I can't believe what I just did. I just spent over an hour writing a new blog here, and then I absentmindedly went offline before saving it! It's all gone! Arrrrrgh!!! But that is perhaps a significant representation of my current mental chaos. My mind is mush. I cannot concentrate on work, and I am getting desperate. I did so much writing last year, and I began this year so cocksure that I wou'd continue writing, writing, writing. I've not completed anything of length this year. Moving my writing from ye solitary and silent basement to this upstairs dining room, so that I can keep a closer watch on my invalid mother, who requires constant care, has absolutely killed my ability to concentrate on writing. It's driving me bonkers, because writing is the air I breathe. I grasp, in desperation, into the air of aesthetic inspiration, for those mad & lunatic & oh-so zany aspects of inspiration that will get me to me keyboard and revive my writing. I had this insane idea that I am going to write my own version of Lovecraft's "The Lurking Fear." but I forgot to write down my ideas for it as notes and nigh I cannot remember my plot! Curses on my mental chaos & inspidity! (And I cannot even spell insipidty, and it ain't even a real word anyway . . . . . . )
I've been reading over my copy of my new book and finding all of the stupid errors that have crept in despite brave proofreading. Bah. In one place I use the words "transformed" twice in the same sentence. Then at one place of mass stupidity I typed "personae" (plural) when I meant to type ye singular "persona." Oy, too hopeless. But I've been making corrections in my Word doc, and someday when I have another omnibus of my work publish'd the truly Corrected Text of Some Unknown Gulf on Night will be included. But reading over my book, such a lovely book and so beautifully design'd by the brilliant Larry Roberts, has me reading again my wee paperback of Fungi from Yuggoth & Other Poems, the copy that I held with me as I stood next to S. T. in front of 10 Barnes Street, the house where Lovecraft lived when he penned his sonnets, that charming paperback with its yellow'd pages and those charming illustrations by Frank Utpatel.
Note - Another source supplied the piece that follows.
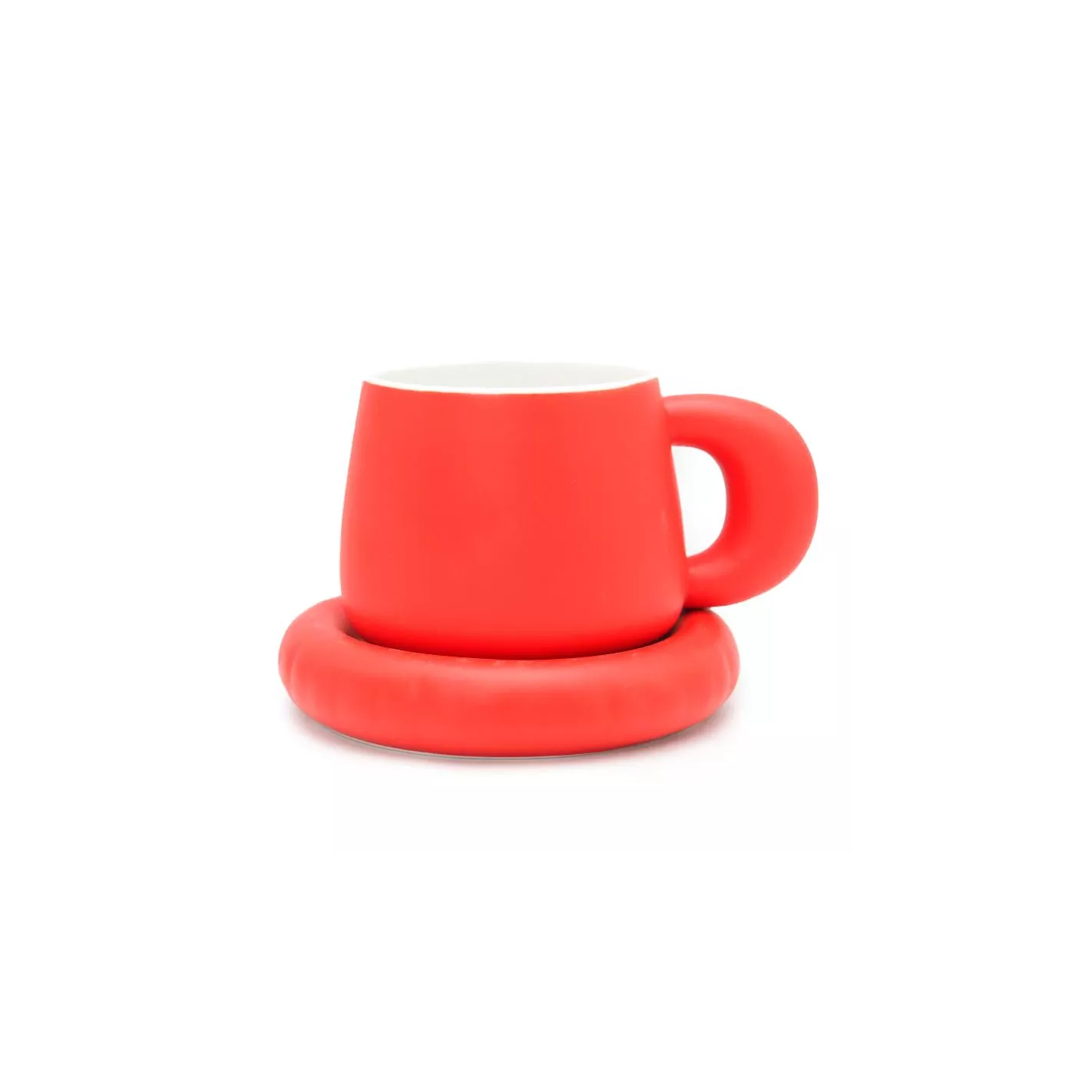 Taza con Plato de Ceramica de Color Rojo, Set de 2 Unidades TIPS HXT-051

And ye Fungi are casting their bewitchment over me once again, instilling within me that ache to write my own weird stuff. So it was rather magickal, this morning, when Paul of yog-sothoth.com sent me a wee message providing a link to his audio work in progress -- a superb reading of Fungi from Yuggoth. My gawd, it is such a fun, a fine, reading. I am a devoted Anglophile, and to me ye sweetest music of all Time is a British voice speaking the works of Shakespeare or reciting poetry. Nigh, this is a rough first recording by Paul, and he will refine it before unleashing it onto an Innocent Publick -- but he does more than merely read the sonnets -- he performs them with vocal inflections, subtle yet entirely effective. It's dead good and I ache to hear ye final version. But here's the thing: just as listening to Will Hart's wonderful reading of the sonnets inspir'd ye writing of Some Unknown Gulf of Night, listening to-day to Paul's readings fill'd me with this overwhelming desire to return to Fungi from Yuggoth and write a second book inspir'd by these sonnets! It's a crazy idea--and I think an irresistible one. I cannot bloody write, I am so unhappy in this wretched state of writer's block. I've had to tell two mates that I cannot contribute stories to their anthologies, and that makes me so angry with myself for so lacking professional discipline as a writer.
So, this new idea is something I can work on slowly, with no writer's deadline hanging over me, something I can work on for the rest of this year and much of next. A new book of short-shorts or tales up to 3,000 words, each inspir'd by Fungi from Yuggoth. I think I like this idea a lot. I grasp at it as a lifeline for my writing in this dreary period of block through which I stagger, moaning in misery. And if I can then write such a new book, I can offer it to Tom Lynch as my second book for Miskatonic River Press -- and the amazing SANTIAGO CARUSO can illustrate it! Oh, Shub-Niggurath!! Ngai!!!!